Mobike has today been officially launched in Manchester, with the cooperation and blessing of Transport for Great Manchester. The dockless bike share scheme is operated by a Chinese start-up company. Fellow Chinese start-up Ofo has today launched a self-policing charter for the burgeoning dockless bike share sector which, claims a Dublin-based start-up, could reshape cities.
Mobike, which is self-funding the Manchester roll-out, hopes that its bikes will soon become a key part of the city’s transport scene.
The Chinese company has partnered with property developers (such as MediaCityUK and Exchange Quay), BikeRight, Manchester Metropolitan University and Salford University as well as TfGM to help make its debut a success. Manchester is Mobike’s 100th city launch, but its first in Europe.
Mobike’s distintive bikes have been unloaded overnight to key locations jointly decided between Mobike, TfGM, and Manchester and Salford City councils.
Users pay a refundable deposit of £49 to use the Mobike scheme, with usage of the bikes charged at 50p per half an hour.

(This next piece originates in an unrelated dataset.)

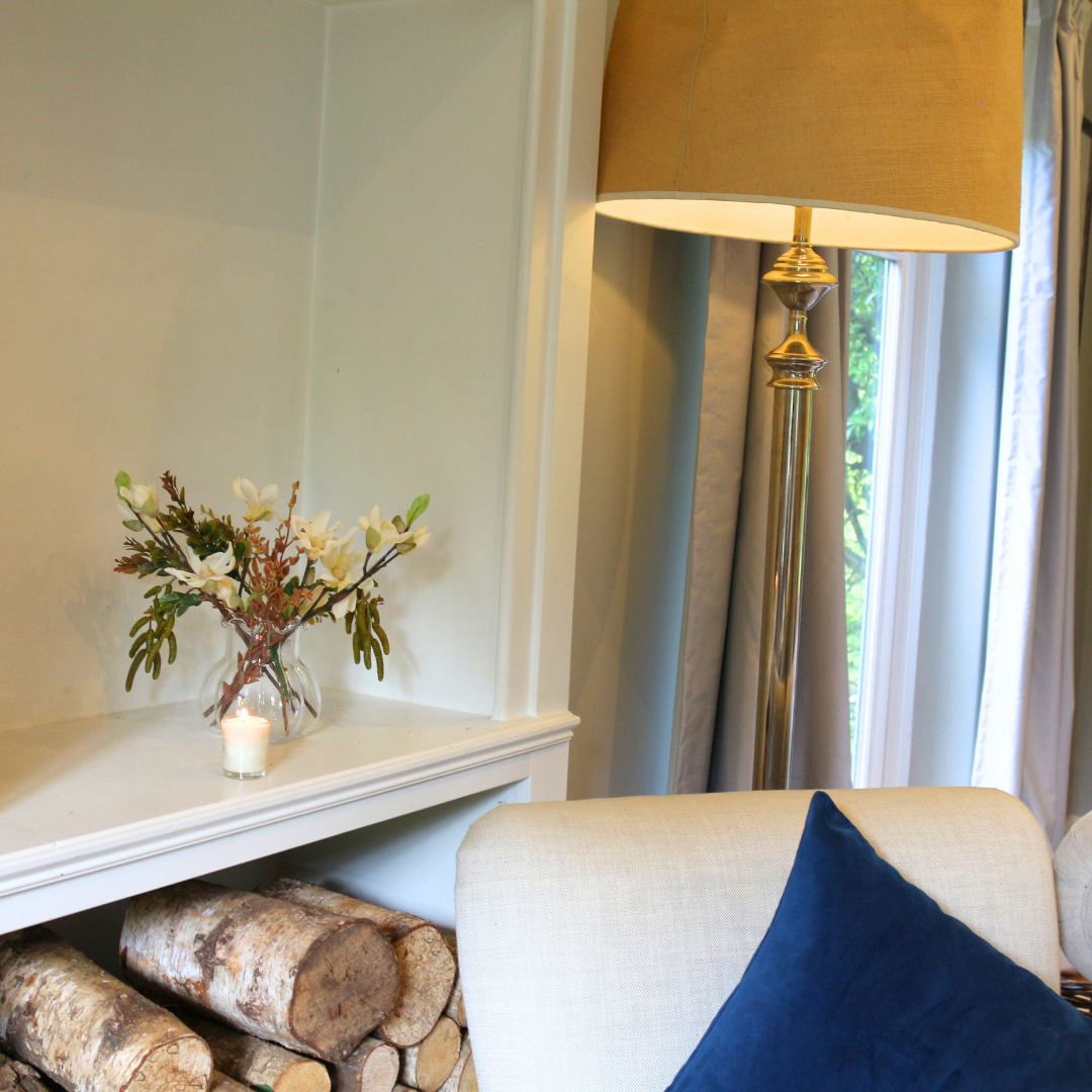 Artificial Magnolia and Branches in an Ocean Blue Vase

In largely unregulated Chinese cities, dockless bike share schemes have been accused of causing clutter, with bikes stacked up in unsightly piles. To counter this, Mobike competitior Ofo has launched a UK-specific code of practice for dockless bike share schemes.

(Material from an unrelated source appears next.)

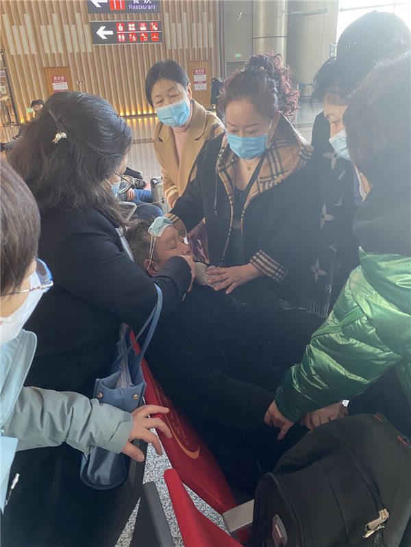 一名旅客突然意識不清,癱倒在座位上,杜麗君主任、冷菲菲主任和隨行隊員馮紹先、賈玲、馬海靜、王翠清、張艷輝見狀立即上前查看,發現該旅客為一名中年男子,全身強直、抽搐、意識不清,醫療隊員們立即對該男子展開搶救,有人先將男子的頭轉向一側,避免分泌物嘔吐物流入氣管引起嗆咳窒息,有人用隨身攜帶的筆將其口腔打開避免咬舌,有人牽住男子雙手,不停呼喚「快醒醒、快醒醒……」大家緊張而有序地進行施救。大約三四分鐘,中年男子慢慢睜開雙眼、漸漸恢復了意識,可是卻表情淡漠,不願回答醫護人員的問話。

Ofo hopes its charter will "serve as a call to action for all current and future bike sharing operators to uphold high standards of service at all times."

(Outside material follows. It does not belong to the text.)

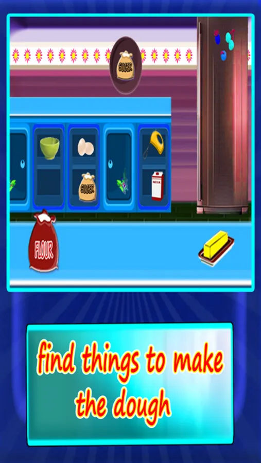 → Kitchen puzzle: Find cutlery & crockery items like flour, sugar, blender, butter, eggs & bowl from kitchen cabinets.

Ofo operations director Joseph Seal-Driver said:
“We believe it is important to set a positive example for our industry. With this charter, we are publicly setting the bar of standards we will be upholding, and we hope we will inspire others to follow.”
Ofo’s charter recommends that all bike sharing schemes should:
- Encourage users to leave bikes in suitable locations by providing parking spaces suggestions through an app
- Establish a customer rating system to prevent misuse and to control parking
- Have adequate measures to ensure customers are over 16 years of age.
- Provide geo-fencing to dictate where rentals can be ended
- Provide in-app reporting, with 24/7 contact centre available to report any issues
- When notified by council or individuals, remove bicycles within a timeframe previously agreed with the individual council.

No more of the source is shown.